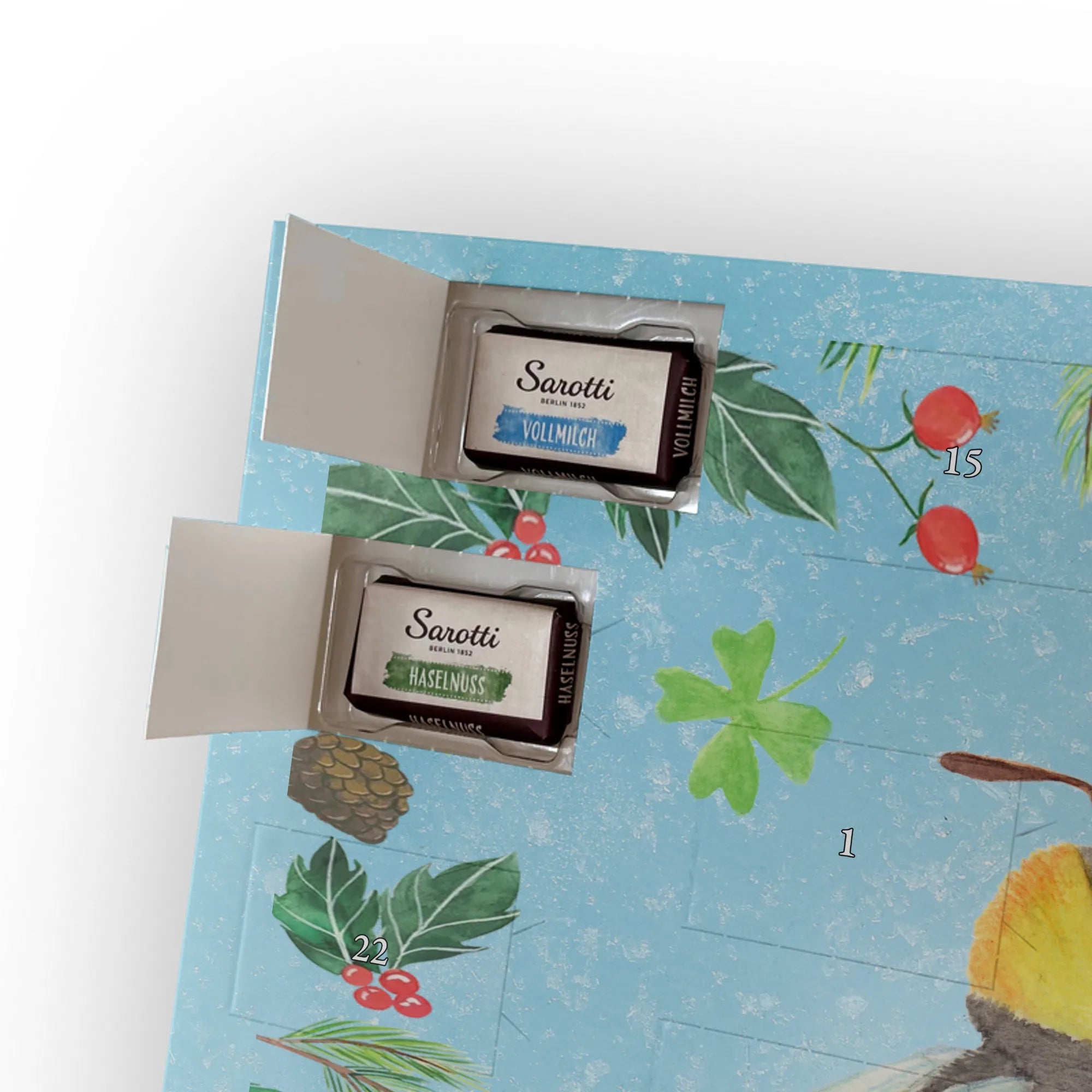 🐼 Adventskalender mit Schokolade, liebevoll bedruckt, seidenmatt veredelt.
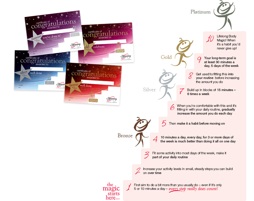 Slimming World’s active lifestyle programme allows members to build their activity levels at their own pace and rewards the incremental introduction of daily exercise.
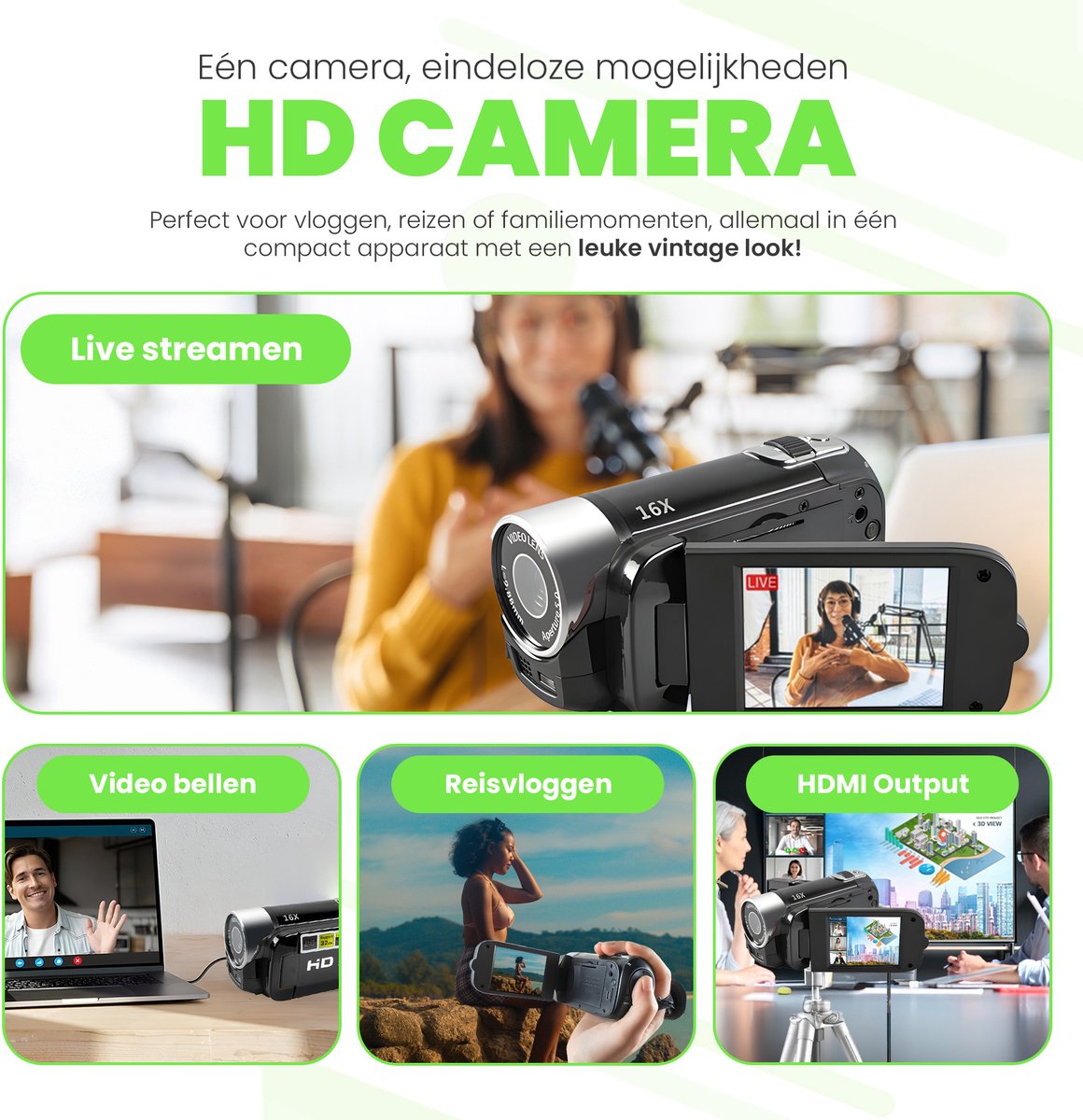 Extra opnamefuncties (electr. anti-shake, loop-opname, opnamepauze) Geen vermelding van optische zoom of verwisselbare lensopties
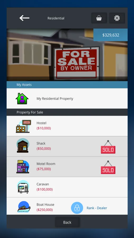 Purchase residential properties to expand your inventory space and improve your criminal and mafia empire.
==========
> _TASK BRIEF_
Reproduce the data above without a single change, please, but without its pictures.

> _SOLUTION TO THE PROBLEM_
 🐼 Adventskalender mit Schokolade, liebevoll bedruckt, seidenmatt veredelt.
 Slimming World’s active lifestyle programme allows members to build their activity levels at their own pace and rewards the incremental introduction of daily exercise.
 Extra opnamefuncties (electr. anti-shake, loop-opname, opnamepauze) Geen vermelding van optische zoom of verwisselbare lensopties
 Purchase residential properties to expand your inventory space and improve your criminal and mafia empire.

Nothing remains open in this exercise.